____ RAW DATA

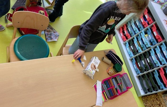 Weiterhin kamen die Kinder dann auf die Idee, aus Müll im Kunstunterricht auch noch etwas zu basteln, seien es Müllmonster, Mülltiere oder andere fantastische Dinge! Hier waren sie auch mit Feuereifer dabei, wie man sieht!!
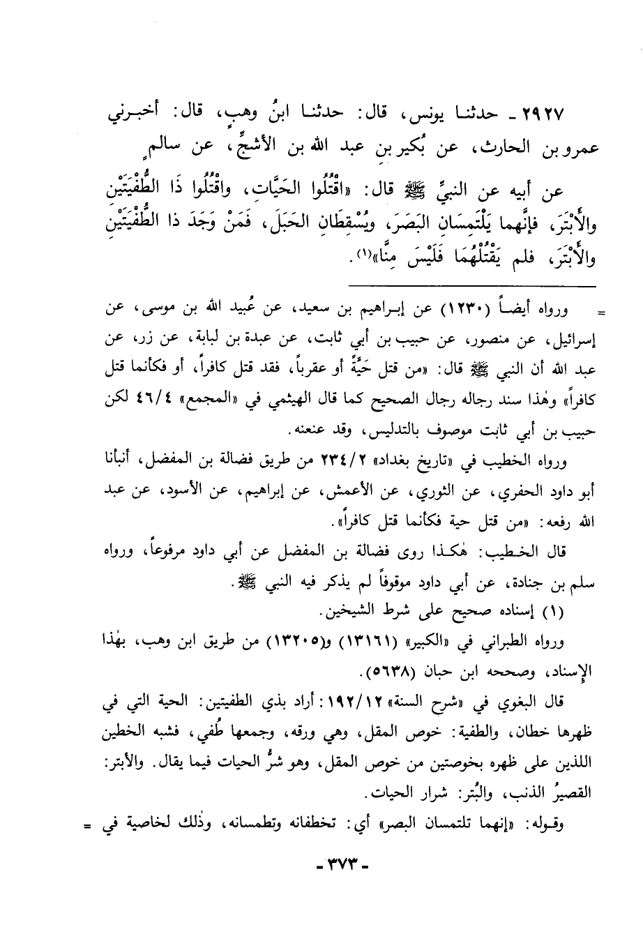 2927 - حَدَّثَنَا يُونُسُ قَالَ: حَدَّثَنَا ابْنُ وَهْبٍ قَالَ: أَخْبَرَنِي عَمْرُو بْنُ الْحَارِثِ، عَنْ بُكَيْرِ بْنِ عَبْدِ اللهِ بْنِ الْأَشَجِّ، عَنْ سَالِمٍ، عَنْ أَبِيهِ، عَنْ النَّبِيِّ صَلَّى اللَّهُ عَلَيْهِ وَسَلَّمَ قَالَ: " اقْتُلُوا الْحَيَّاتِ , وَاقْتُلُوا ذَا الطُّفْيَتَيْنِ , وَالْأَبْتَرَ , فَإِنَّهُمَا يَلْتَمِسَانِ الْبَصَرَ وَيُسْقِطَانِ الْحَبَلَ , فَمَنْ وَجَدَ ذَا الطُّفْيَتَيْنِ وَالْأَبْتَرَ فَلَمْ يَقْتُلْهُمَا , فَلَيْسَ مِنَّا "
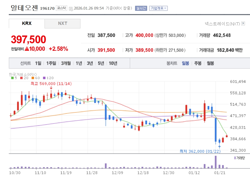 이미지 확대보기26일 한국거래소에 따르면 코스닥 시총 1위인 알테오젠은 이날 오전 9시54분 전장 대비 2.58% 상승한 39만7500원을 기록하고 있다. 지난 21일 하루 만에 20% 넘게 폭락했다가 빠르게 반등하는 모습이다. 그동안 부진했던 에코프로비엠(10.33%), 에코프로(8.50%)도 각각 10% 안팎의 상승 흐름을 보이고 있다.
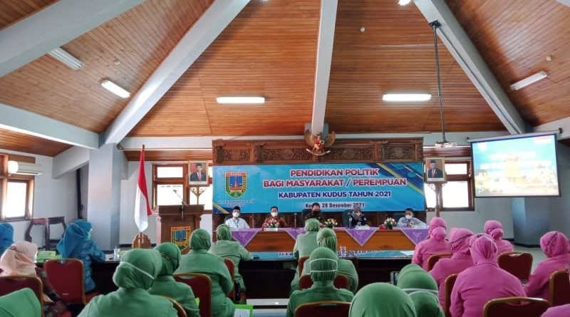 KUDUS- Perempuan mempunyai hak untuk aktif berpartisipasi di masyarakat termasuk dalam bidang politik. Kehadiran perempuan dalam dunia politik telah dibuktikan dengan adanya keterwakilan perempuan di parlemen. Namun kuota 30% keterwakilan perempuan dalam parlemen sampai saat ini masih belum terpenuhi. Pendidikan politik kepada kaum perempuan dianggap perlu untuk mengubah pola pikir mereka bahwa perempuan juga bisa menjadi bagian dari pengambilan kebijakan.
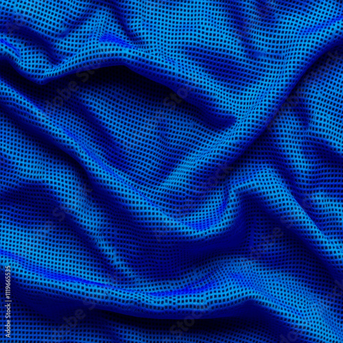 Blue sports clothing fabric football shirt jersey texture isolated on white background.
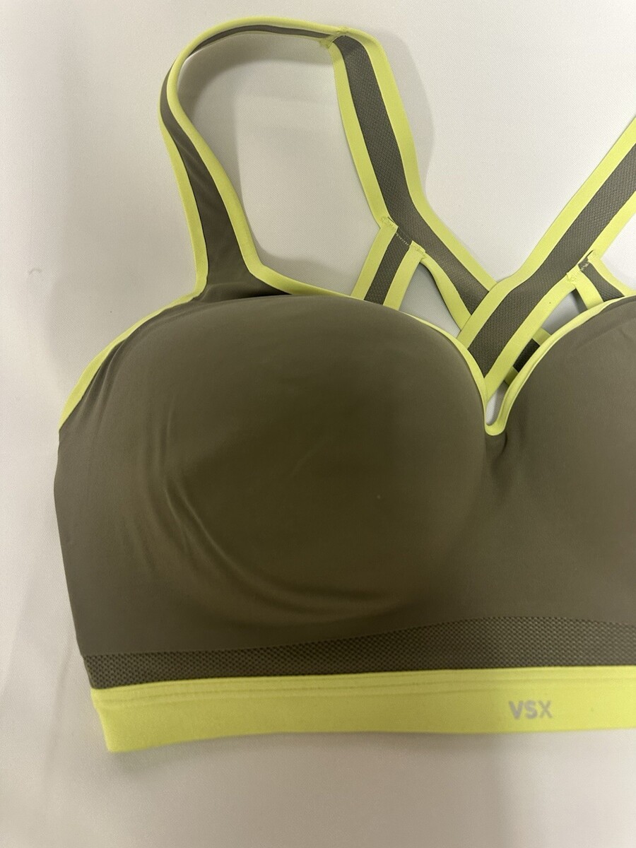 Victoria's Secret VSX Sport Bra Strappy VSX 34DDD Incredible Plunge Olive Green

________

Retype the data above exactly. Do not carry over any images.

 Weiterhin kamen die Kinder dann auf die Idee, aus Müll im Kunstunterricht auch noch etwas zu basteln, seien es Müllmonster, Mülltiere oder andere fantastische Dinge! Hier waren sie auch mit Feuereifer dabei, wie man sieht!!
 2927 - حَدَّثَنَا يُونُسُ قَالَ: حَدَّثَنَا ابْنُ وَهْبٍ قَالَ: أَخْبَرَنِي عَمْرُو بْنُ الْحَارِثِ، عَنْ بُكَيْرِ بْنِ عَبْدِ اللهِ بْنِ الْأَشَجِّ، عَنْ سَالِمٍ، عَنْ أَبِيهِ، عَنْ النَّبِيِّ صَلَّى اللَّهُ عَلَيْهِ وَسَلَّمَ قَالَ: " اقْتُلُوا الْحَيَّاتِ , وَاقْتُلُوا ذَا الطُّفْيَتَيْنِ , وَالْأَبْتَرَ , فَإِنَّهُمَا يَلْتَمِسَانِ الْبَصَرَ وَيُسْقِطَانِ الْحَبَلَ , فَمَنْ وَجَدَ ذَا الطُّفْيَتَيْنِ وَالْأَبْتَرَ فَلَمْ يَقْتُلْهُمَا , فَلَيْسَ مِنَّا "
 이미지 확대보기26일 한국거래소에 따르면 코스닥 시총 1위인 알테오젠은 이날 오전 9시54분 전장 대비 2.58% 상승한 39만7500원을 기록하고 있다. 지난 21일 하루 만에 20% 넘게 폭락했다가 빠르게 반등하는 모습이다. 그동안 부진했던 에코프로비엠(10.33%), 에코프로(8.50%)도 각각 10% 안팎의 상승 흐름을 보이고 있다.
 KUDUS- Perempuan mempunyai hak untuk aktif berpartisipasi di masyarakat termasuk dalam bidang politik. Kehadiran perempuan dalam dunia politik telah dibuktikan dengan adanya keterwakilan perempuan di parlemen. Namun kuota 30% keterwakilan perempuan dalam parlemen sampai saat ini masih belum terpenuhi. Pendidikan politik kepada kaum perempuan dianggap perlu untuk mengubah pola pikir mereka bahwa perempuan juga bisa menjadi bagian dari pengambilan kebijakan.
 Blue sports clothing fabric football shirt jersey texture isolated on white background.
 Victoria's Secret VSX Sport Bra Strappy VSX 34DDD Incredible Plunge Olive Green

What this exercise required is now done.